Bu noktada AB üyeliği artık bir fantezi bile olmaktan çıkmıştır; Doğu Akdeniz enerji rekabeti, Kıbrıs üzerinden, AB ile yeni sorunlar açmaya, İsrail ile çatışma çıkartmaya adaydır. Türkiye’nin adeta ABD ve İngiltere’den başka destekçisi kalmamış gibidir.

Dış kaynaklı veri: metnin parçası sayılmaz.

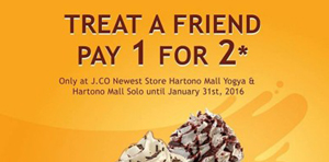 Nikmati promo Pay 1 For 2 di J.CO! Promo ini hanya berlaku di store J.CO Hartono Mall Yogya, J.CO Hartono Mall Solo & J.CO The Park Solo
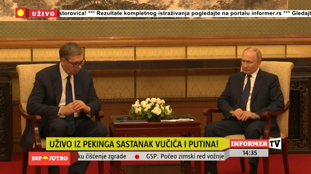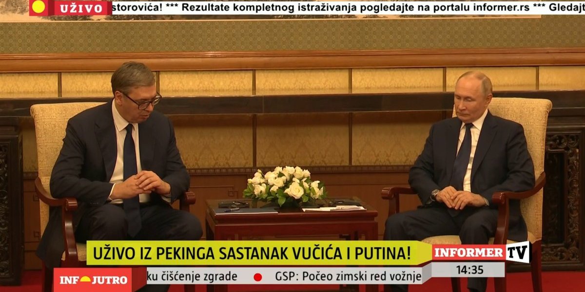 Predsednik Srbije Aleksandar Vučić danas se u Pekingu u Kini sastao s ruskim kolegom Vladimirom Putinom.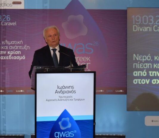 Ο Γιάννης Ανδριανός στο Greek Water Summit 2026 για τη διαχείριση του νερού και τη βιώσιμη ανάπτυξη του πρωτογενούς τομέα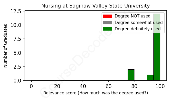 The verdict? Great! Overall, with an average relevance score of 96%, Nursing graduates from Saginaw Valley State University have a substantially higher likelihood (+29%) of finding work in this field compared to the average graduate across all fields: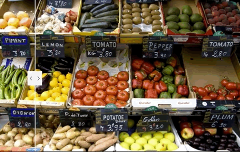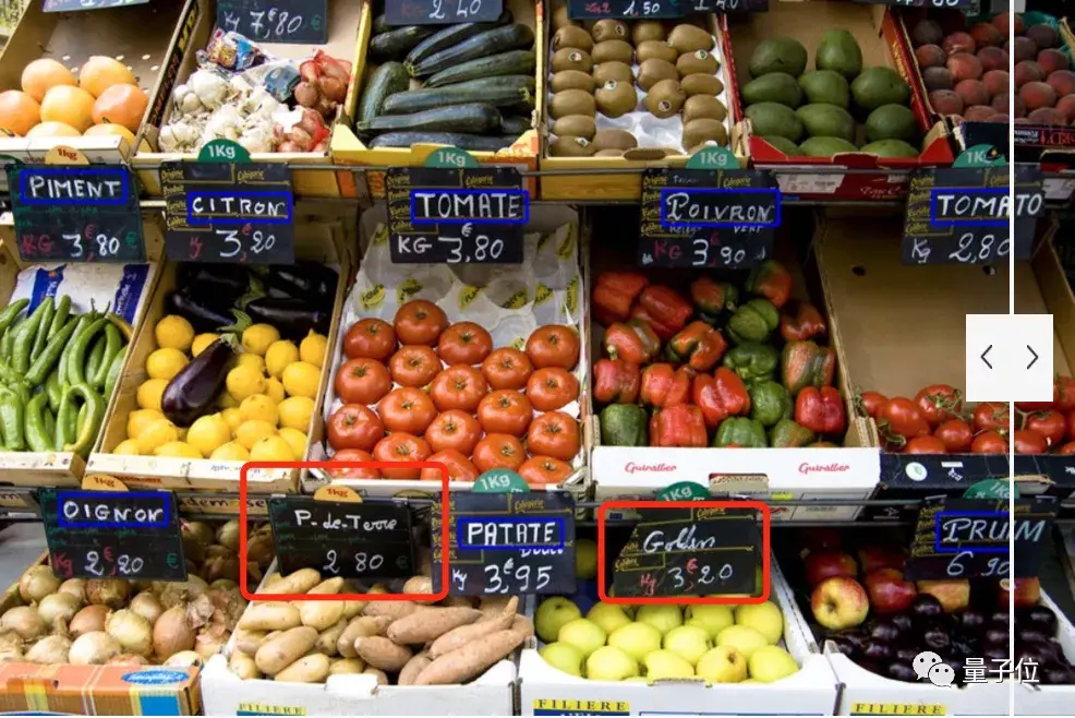 还能直接实现风格替换 ,让蔬果店里的所有印刷字都变成手写体:
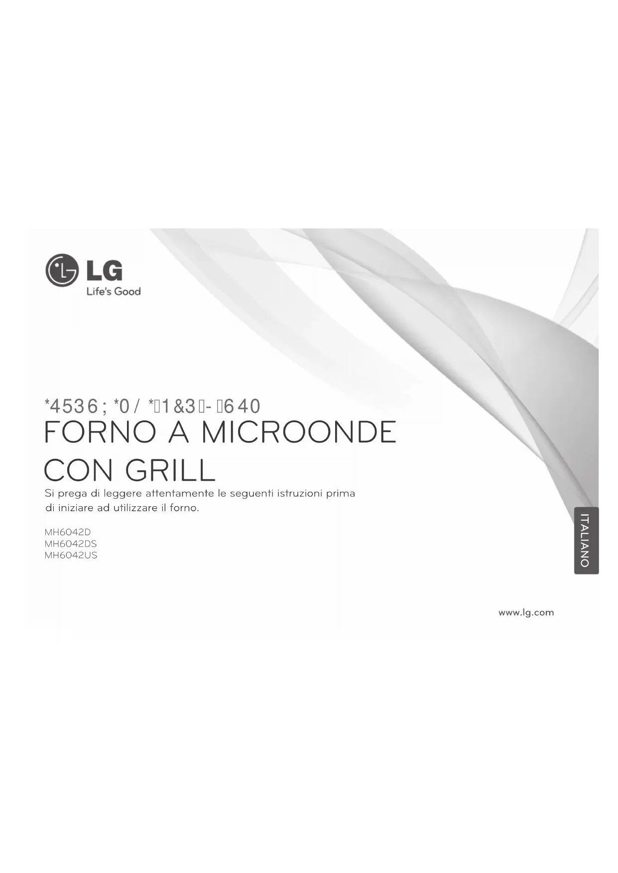 Scarica le istruzioni per il tuo Microonde in formato PDF gratuitamente! Trova il tuo manuale MH6042US - LG e riprendi in mano il tuo dispositivo elettronico. In questa pagina sono pubblicati tutti i documenti necessari per l'utilizzo del tuo dispositivo. MH6042US del marchio LG.

Bu sırada, İstanbul’un büyük otellerinin birinde yapılan kapalı bir toplantıda, Kissinger, Kofi Annan, Council on Foreign Relations’ın Başkanı Richard Haass, Tony Blair, eski Kolombiya Devlet Başkanı Uribe, eski İsrail Merkez Bankası Başkanı ve halen J.P Morgan Başkanı Frankel gibi tiplerin, bazı Türkiyeli şahsiyetlerle bir araya gelerek “Türk kimliği ve yeni dış politika” başlığı altında bir şeyler konuştuğunu öğreniyoruz (Çandar, 15/10).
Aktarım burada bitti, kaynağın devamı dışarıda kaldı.